Exercise requirements:
Output the lines from the top of the entries below to the line with "Lanzan libro de", both included, exactly and without pictures.

Data extracted from a collection:

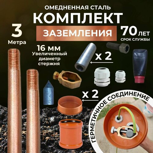 Купить Комплект заземления для дома 3 м из омедненной стали диаметром 16мм с доставкой по всей России. Комплект заземления для дома 3 м из омедненной стали диаметром 16мм: сравнение цен, характеристики, фото, актуальное наличие и цены.
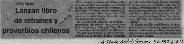 Lanzan libro de refranes y proverbios chilenos [artículo].
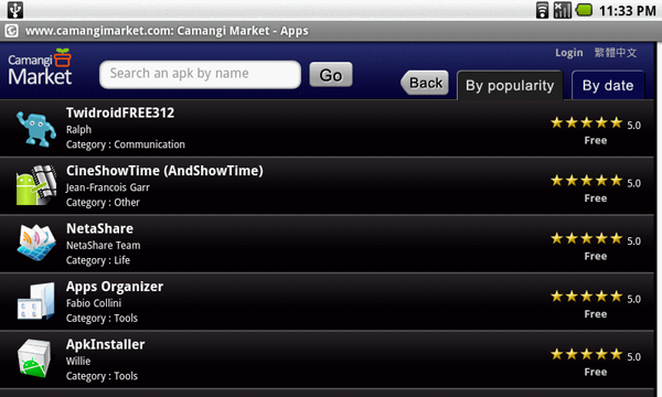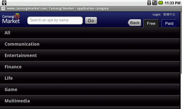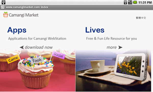 The device is not Google branded and does not include any of the usual Google applications which was also very frustrating to me. There was an Icon for GMail, but when clicked it simply took you to the Gmail web page. You don’t even have access to the Android Market. Camangi have created their own Camangi Market, but it’s currently no substitute for the Android Market. Application selection was sparse. The Camangi Market is web based from what I can tell.
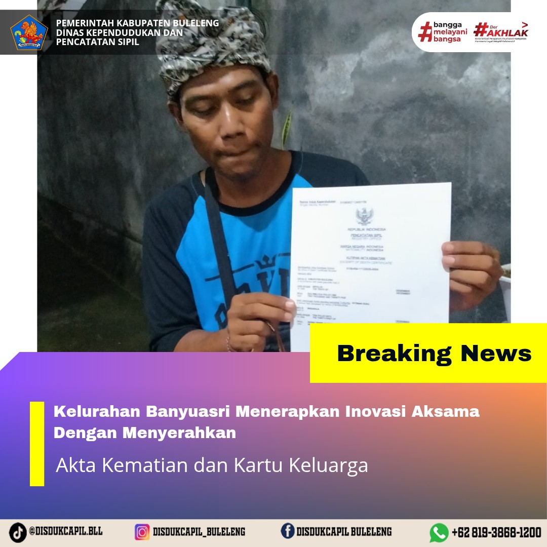 Pemerintah Kabupaten Buleleng melalui Dinas Kependudukan dan Pecatatan Sipil (Disdukcapil) Kabupaten Buleleng memaksimalkan serta mempermudah pelayanan kependudukan masyarakat dengan beberapa inovasi, yakni BALITA (Bayi Lahir Berakta), NYAKSI (Menyerahkan Akta Kawin Saat Acara Perkawinan) dan AKSAMA ( Akta Kematian Diserahkan Saat Masih Berduka) melalui aplikasi Aku Online. Di Kelurahan Banyuasri Kecamatan Buleleng, telah diterapkan program Aksama (Akta Kematian Diserahkan Saat Masih Berduka) yang dilakukan secara langsung oleh Kaling Kelurahan Banyuasri dengan menyerahkan Akta Kematian atas nama Nyoman Suka dan Kartu Keluarga kepada pihak keluarga almarhum di jalan Teratai 5 No 7 Kelurahan Banyuasri, Kamis (11/12).
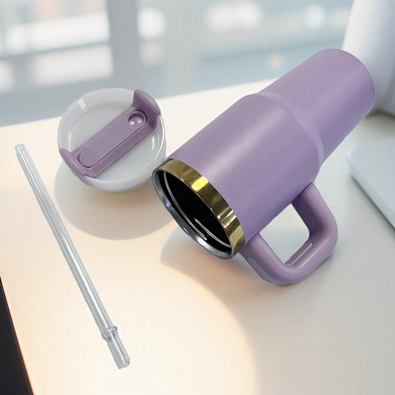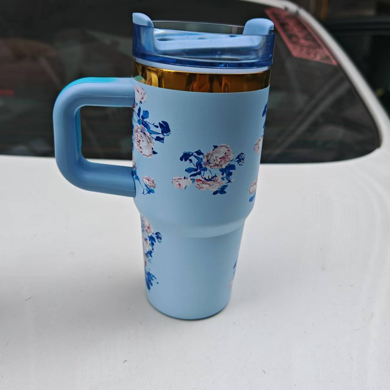 跨境热销美式304真空保温杯手柄便携车载汽车杯电镀3D冰霸杯定制
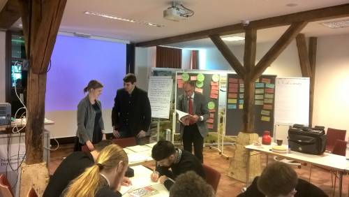 Seminar und Training im Assessment- Center: GFS-Schüler des 12. Jahrgangs beschäftigen sich vom 15.08.2016 bis 18.08.2016 intensiv mit ihrer beruflichen Zukunft. Wie geht es weiter nach dem Abitur? 24 Schülerinnen und Schüler der Graf- Friedrich Schule in Diepholz verbrachten zur Beantwortung dieser Frage im Rahmen ihrer Projektwoche zur Berufsorientierung 3 Seminartage auf dem Schäferhof in Marl. Das Berufsorientierungsseminar wurde dort im „alten Schafstall“ von der Agentur für Arbeit organisiert und unter Leitung von Herrn Rebischke und von seiner Kollegin Frau Goerlitz durchgeführt. Maßgeblich unterstützt wurden sie dabei am letzten Seminartag von Mitarbeitern des Psychologischen Dienstes der Agentur. Die Seminarräume wurden freundlicherweise wieder von der ZF Ludwigshafen bereitgestellt. Der erste Tag diente der allgemeinen Orientierung zur Berufsauswahl, wobei Fragen aufkamen, wie z.B.: Was sind meine Fähigkeiten? Was sind meine finanziellen Vorstellungen? Welche Voraussetzungen muss man mitbringen? Eingeleitet wurde all dies mit dem Song "Spinner" von "Revolverheld“. Der Songtext fordert dabei regelrecht auf, seinem Traumberuf nachzugehen, unabhängig von der Meinung anderer und davon, ob dieser Wunsch für andere eine „verrückte Spinnerei“ darstellt. Bei einem anschließenden sogenannten "Auktionsspiel", bei dem man mit begrenztem Spielkapital auf „Lebensoptionen“ gegen die Mitspieler und Konkurrenten bieten konnte, musste jeder Schüler seine persönliche Gewichtung für fiktive Zukunftsereignisse festlegen und danach seinen persönlichen Einsatz bestimmen. (z. B. für „einen Beruf mit einem Monatsverdienst von 7.000€ " oder „einen festen Beamtenstatus erlangen “oder „häufig im Ausland arbeiten“ oder „Familie gründen“.) So hatte jeder Mitspieler für sich Prioritäten zu setzen und sich intensiv mit seiner geplanten zukünftigen Lebenssituation auseinandersetzen. Am zweiten Tag stand das Konkretisieren der zukünftigen Berufsorientierung im Vordergrund. Zu Beginn konnte man mittels eines Tests einen Interessenbereich für sich finden, der dann ganz bestimmten Berufen zugeteilt wurde. Nachfolgend arbeiteten Schüler mit ähnlichen Interessen in Gruppen zusammen und informierten sich mit Hilfe von Materialien der Agentur und einer Internetrecherche über ihr Berufsfeld. Zentrale Schwerpunkte waren dabei Voraussetzungen, Bewerbungsabläufe und spätere Einsatzmöglichkeiten. Mit den umfassenden Präsentationen der Gruppenergebnisse war der erste Tag dann auch abgeschlossen. Am letzten Tag konnten die Schüler ihre eigenen Kompetenzen in einem favorisierten Bereich (Naturwissenschaften, Philologie, Wirtschaft, Mathematik und Informatik, Jura, Ingenieurwissenschaften) überprüfen. Dazu wurden sehr umfangreiche Studienfeld bezogene Tests unter Leitung von Frau Kirchner (Psychologin bei der Agentur für Arbeit in Vechta) und Herrn Brunke (Psychologe bei der Agentur für Arbeit in Nienburg) durchgeführt. Nach der Auswertung nahmen sich die Psychologen Zeit für die Schülerinnen und Schüler, um mit ihnen über ihre Ergebnisse zu sprechen, natürlich in Einzelgesprächen unter Beachtung der Anonymität. Im Rahmen eines simulierten Assessment- Centers wurde den Schülern schließlich über Rollenspiele vor Augen geführt, worauf Arbeitgeber oder auch Professoren bei Einstellungstests und Auswahlverfahren für Studiengänge so alles achten. Geprüft wurden u. a. bestimmte Kompetenzen, wie Teamfähigkeit, Selbstwirksamkeit und Durchsetzungsvermögen unter strenger Beobachtung des Seminarleiters Herrn Rebischke sowie einer ausgewählten Schüler-Beobachtungsgruppe. Großer Wert wurde dabei auch auf das richtige „Outfit“ gelegt, das am vorherigen Tag besprochen worden war. Im abschließenden Feedback stellte sich heraus, dass vor allem die Eignungstests und das Auktionsspiel viel positive Resonanz erhielten und das Seminar für viele zu einer konkreteren beruflichen Orientierung beitragen konnte. Von Rehsan Savga und Madlen Alms
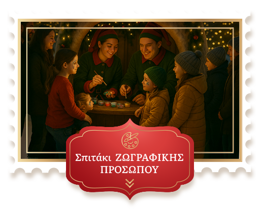 Σπιτάκι Ζωγραφικής Προσώπου Τα χρώματα ζωντανεύουν και μεταμορφώνουν μικρούς και μεγάλους σε ξωτικά, νεράιδες, ταράνδους και ήρωες των γιορτών! Διάλεξε το σχέδιο που σου ταιριάζει, χαμογέλα, και άφησε τους καλλιτέχνες…
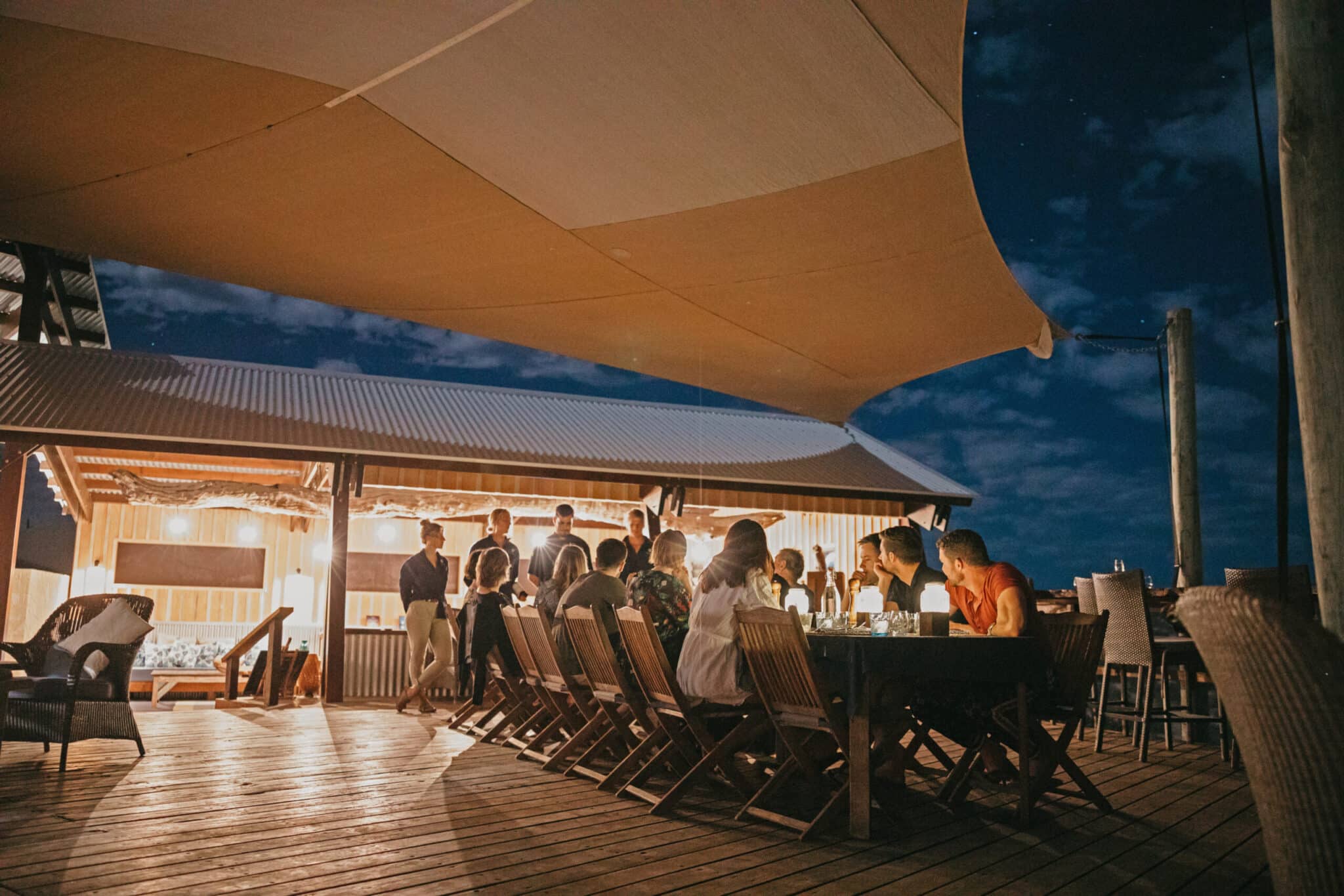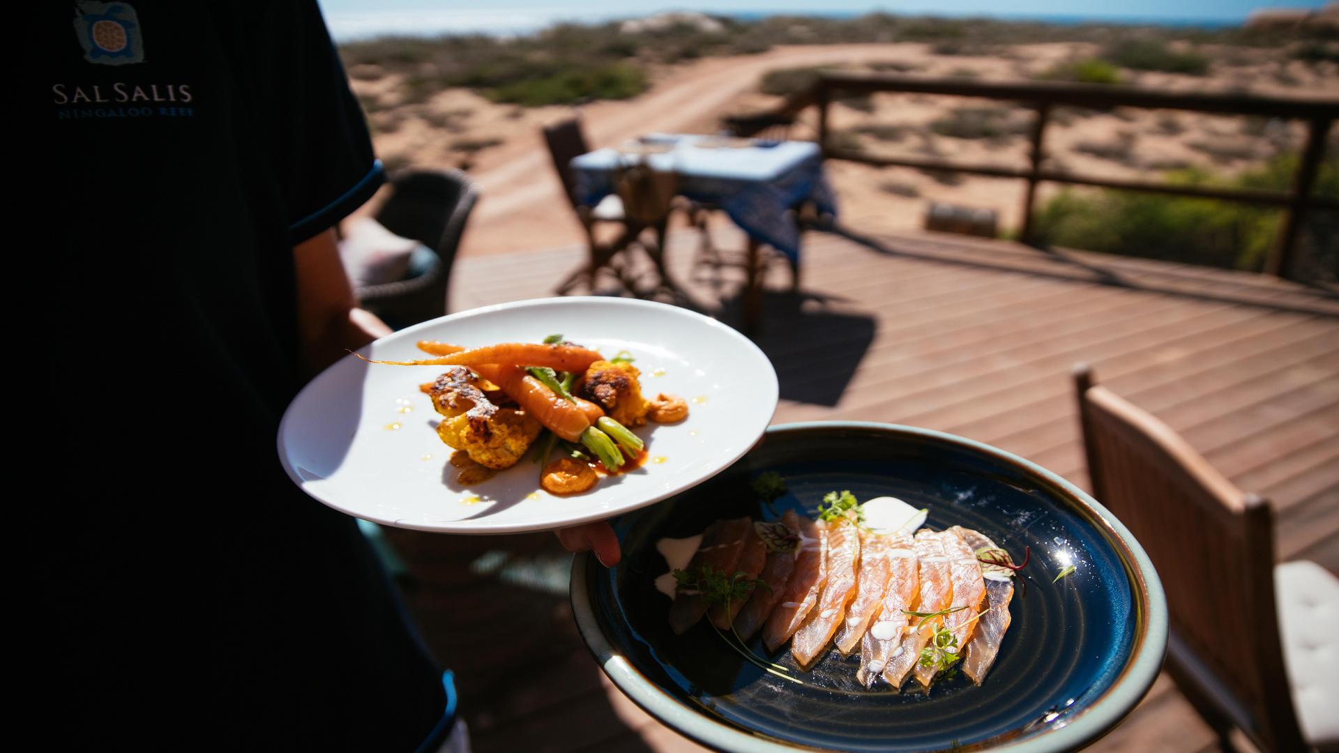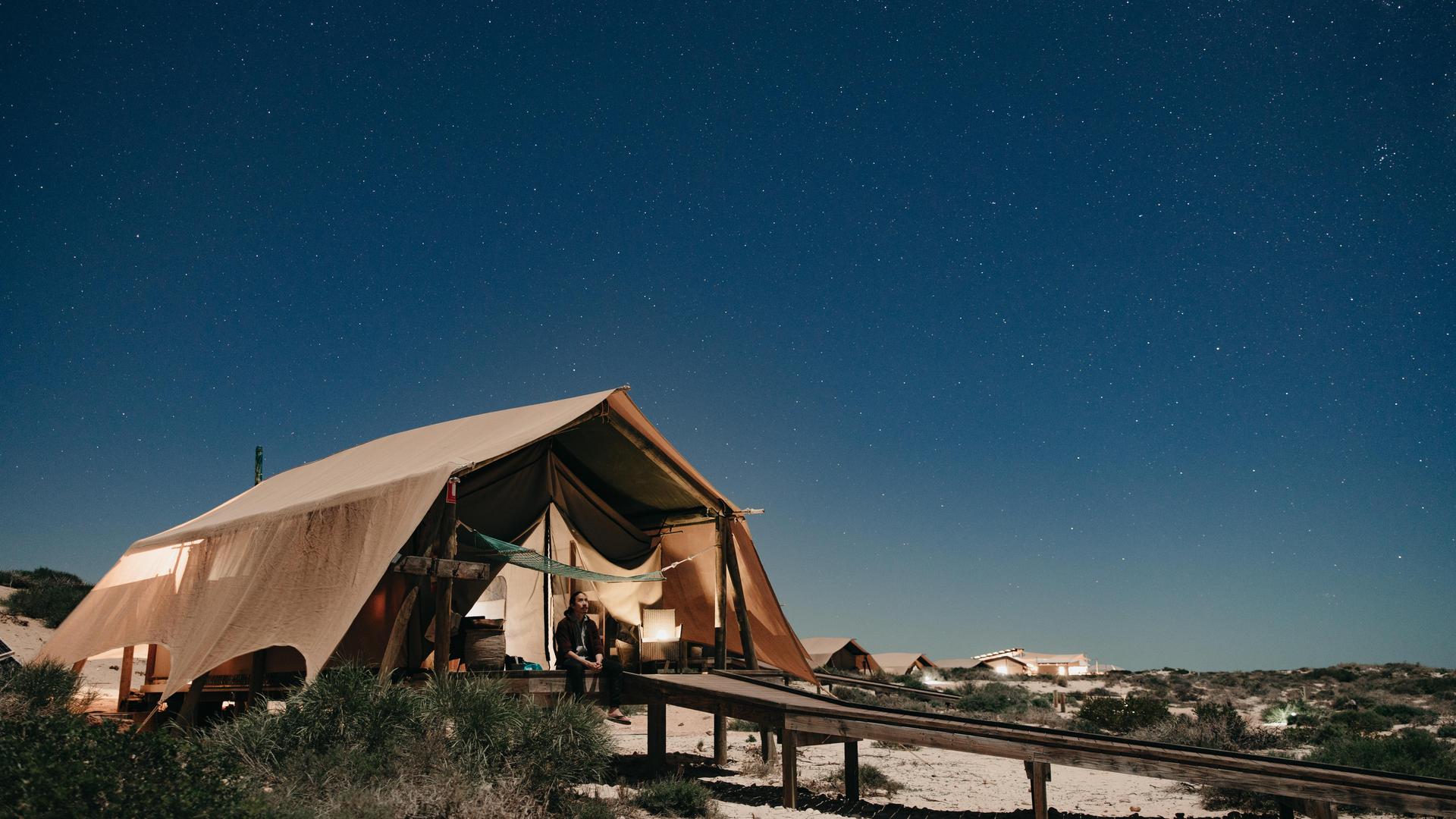 The focus of your stay at Sal Salis is the wilderness around you and its marine and land inhabitants. The camp has been designed to operate in tune with the fragile environment and as such we abide by strict principles of minimal impact and sustainability. All of the power is solar generated, each en suite bathroom has a natureloo, water usage is very carefully managed and no waste material escapes into the surrounding ecosystem. The camp has 16 wilderness tents built amongst the sand dunes. They are furnished with comfortable beds, made up with quality bed linen. Guest robes, native herb soaps and organic shampoos are provided. The tents are spacious, simple and comfortable – they are not intended to be 5 star hotel rooms in the bush so do not offer TVs, telephones, minibars or other typical hotel room appliances.
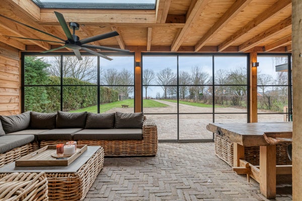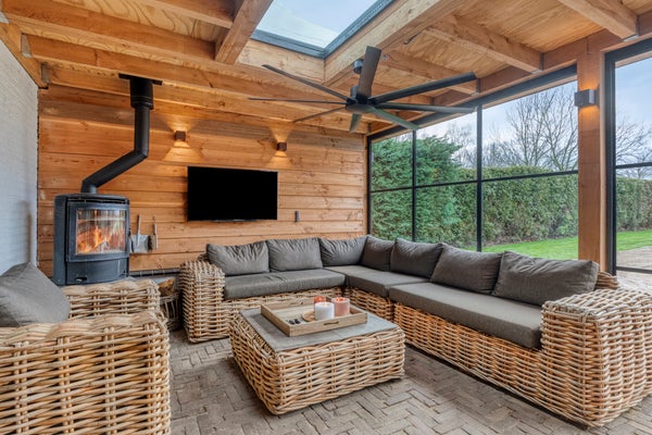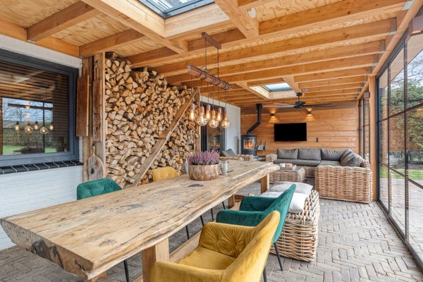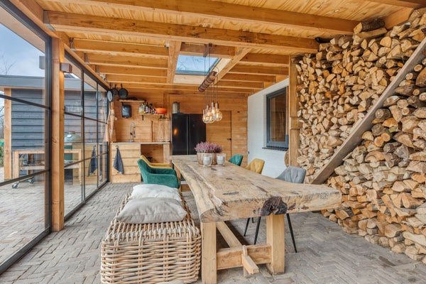 Voor de koelere dagen is de tuinkamer voorzien van een stoere houtkachel. Daarnaast beschikt deze ruimte over een praktisch aanrechtblok met zowel warm als koud water. De vloer is uitgevoerd in dezelfde bestrating als het aangrenzende terras, wat zorgt voor een naadloze overgang tussen binnen en buiten.
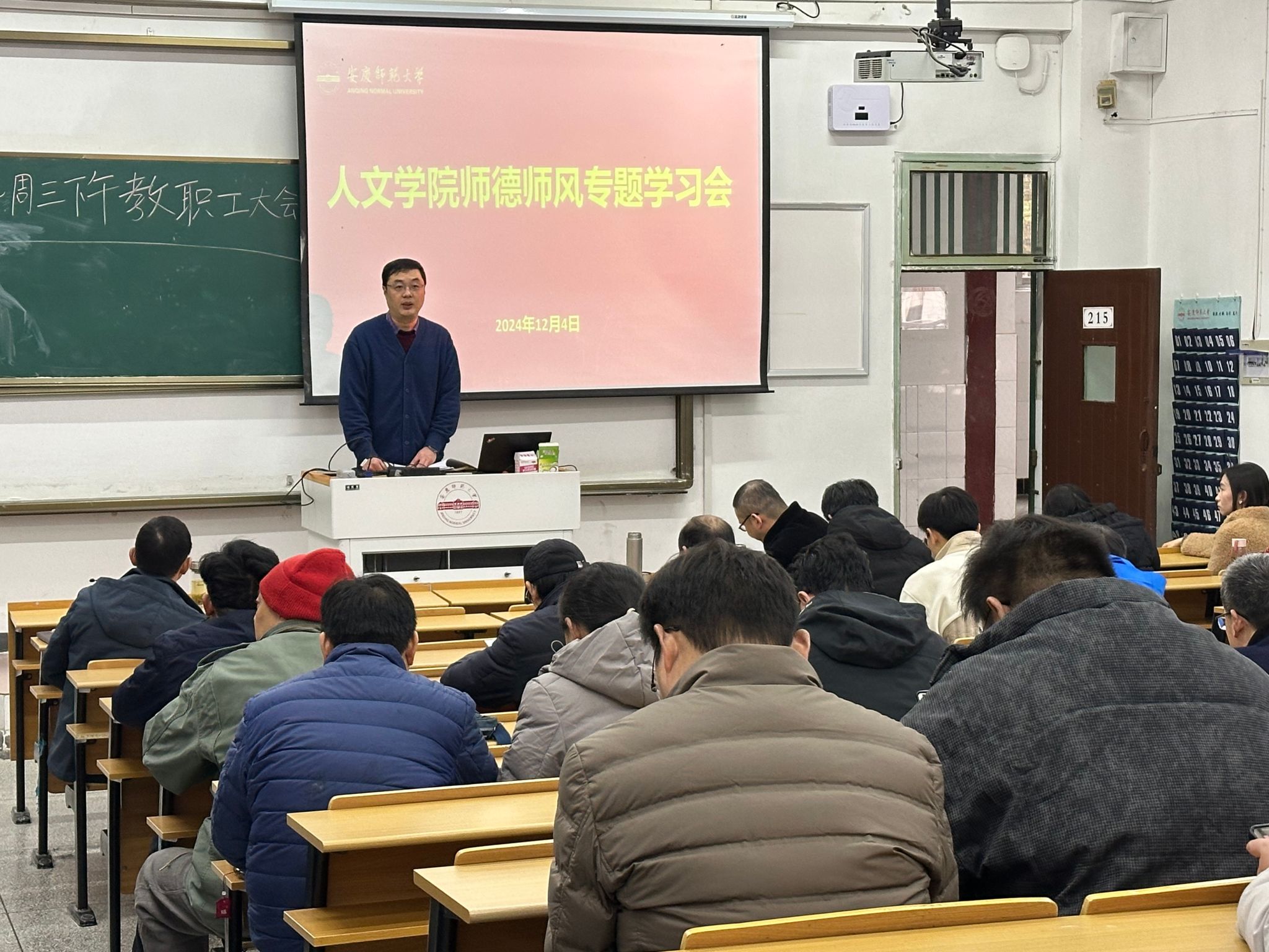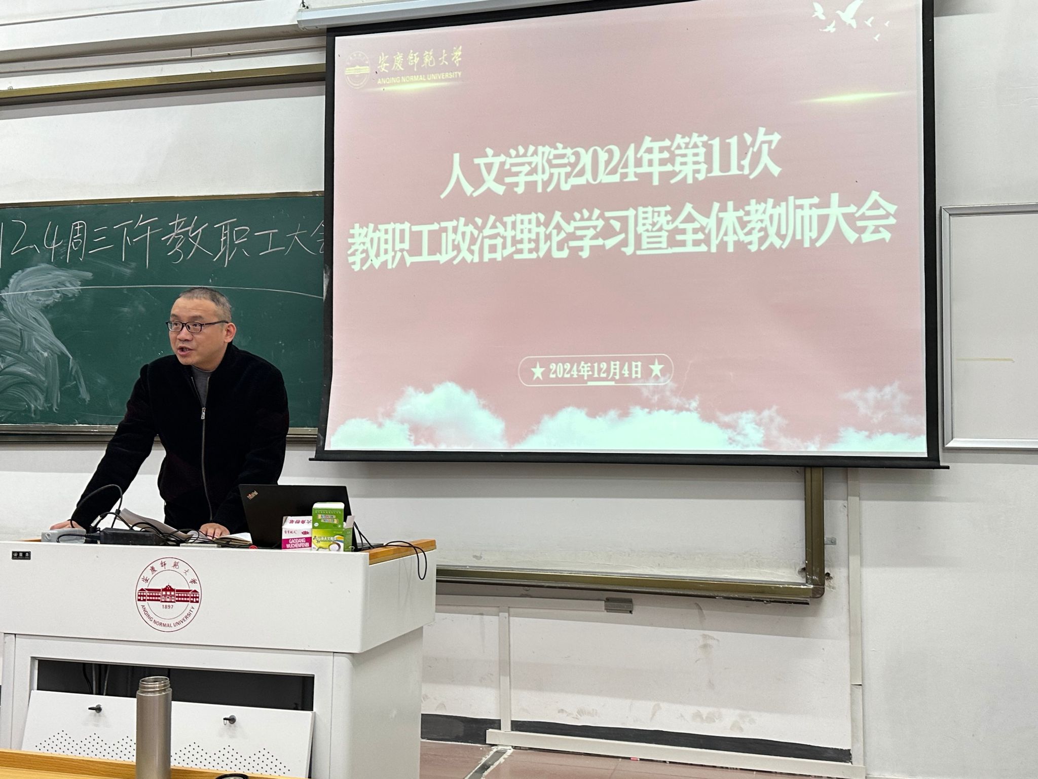 12月4日,beat365英国官方网站召开2024年第11次教职工政治理论学习会暨全体教师大会。院长汪孔丰主持会议,学院领导班子,全体教职工参加会议。

Exercise answer:
 Купить Комплект заземления для дома 3 м из омедненной стали диаметром 16мм с доставкой по всей России. Комплект заземления для дома 3 м из омедненной стали диаметром 16мм: сравнение цен, характеристики, фото, актуальное наличие и цены.
 Lanzan libro de refranes y proverbios chilenos [artículo].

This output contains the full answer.